Skip Navigation

5.6: Predicting with Linear Models

Difficulty Level: At Grade Created by: CK-12
Turn In

Numerical information appears in all areas of life. You can find it in newspapers, in magazines, in journals, on the television, or on the Internet. In the last lesson, you saw how to find the equation of a line of best fit. Using a line of best fit is a good method if the relationship between the dependent and independent variables is linear. Not all data fits a straight line, though. This lesson will show other methods to help estimate data values. These methods are useful in both linear and non-linear relationships.

Linear Interpolation

Linear interpolation is useful when looking for a value between given data points. It can be considered as “filling in the gaps” of a table of data.

The strategy for linear interpolation is to use a straight line to connect the known data points on either side of the unknown point. Linear interpolation is often not accurate for non-linear data. If the points in the data set change by a large amount, linear interpolation may not give a good estimate.

Linear Extrapolation

Linear extrapolation can help us estimate values that are either higher or lower than the values in the data set. Think of this as “the long-term estimate” of the data.
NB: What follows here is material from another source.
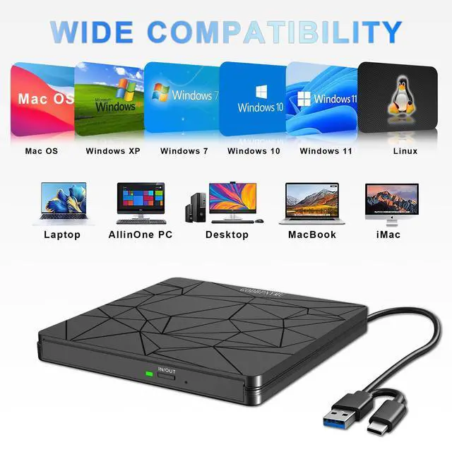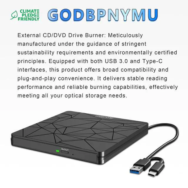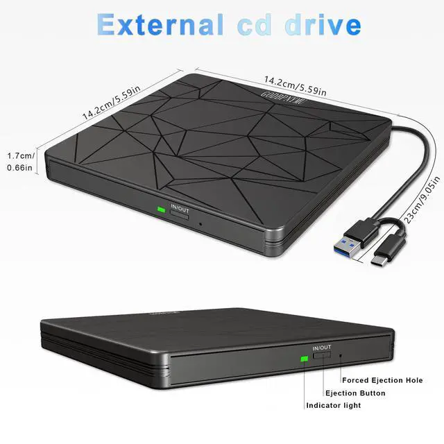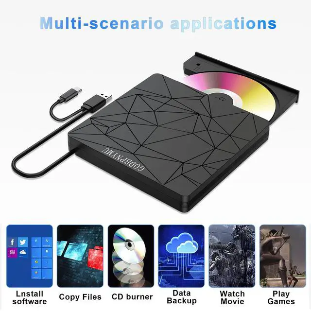 external cd/ dvd drive for laptop User Guide I. Core Functions Playback Function: Relive cherished moments preserved on VCD/CD/DVD—wedding day warmth, birthday party joy, Christmas Eve gatherings, and other special celebrations. Supports diverse content including home videos, classic films, music albums, educational materials, game discs, and important documents. Burning Function: Burn digital content like music, photos, and videos onto discs for long-term preservation, playback across multiple devices, and digital organization/archiving. II. Software Preparation Player Software (Required): Since most operating systems do not pre-install DVD playback components, a third-party player must be installed beforehand. Recommended Options: VLC Media Player: Free and open-source with comprehensive format support and optimal compatibility KMPlayer: Feature-rich with excellent decoding capabilities Burning Software (Optional): Prepare dedicated software if disc burning is required. Recommended Options: BurnAware Free Edition: Lightweight design for basic burning needs Nero: Professional-grade tool offering advanced burning and editing features III. Critical Considerations Genuine/Protected DVDs: First-time playback requires setting the “Region Code.” Select the option that exactly matches the disc's labeled region. Important Note: Region code changes are limited (typically =5 times). Choose carefully. Standard Discs:Includes self-burned VCD/CD/DVD data discs, music CDs, game discs, etc. Typically plug-and-play after installing playback software. IV. Operation Flow 1. Install required playback/burning software 2. Connect external optical drive via USB port 4. Use corresponding software to play or burn

The strategy for linear extrapolation is to use a subset of the data instead of the entire data set. This is especially true for non-linear data you will encounter in later chapters. For this type of data, it is sometimes useful to extrapolate using the last two or three data points in order to estimate a value higher than the data range.

Collecting and Organizing Data

Data can be collected through various means, including surveys or experiments.

A survey is a data collection method used to gather information about individuals’ opinions, beliefs, or habits.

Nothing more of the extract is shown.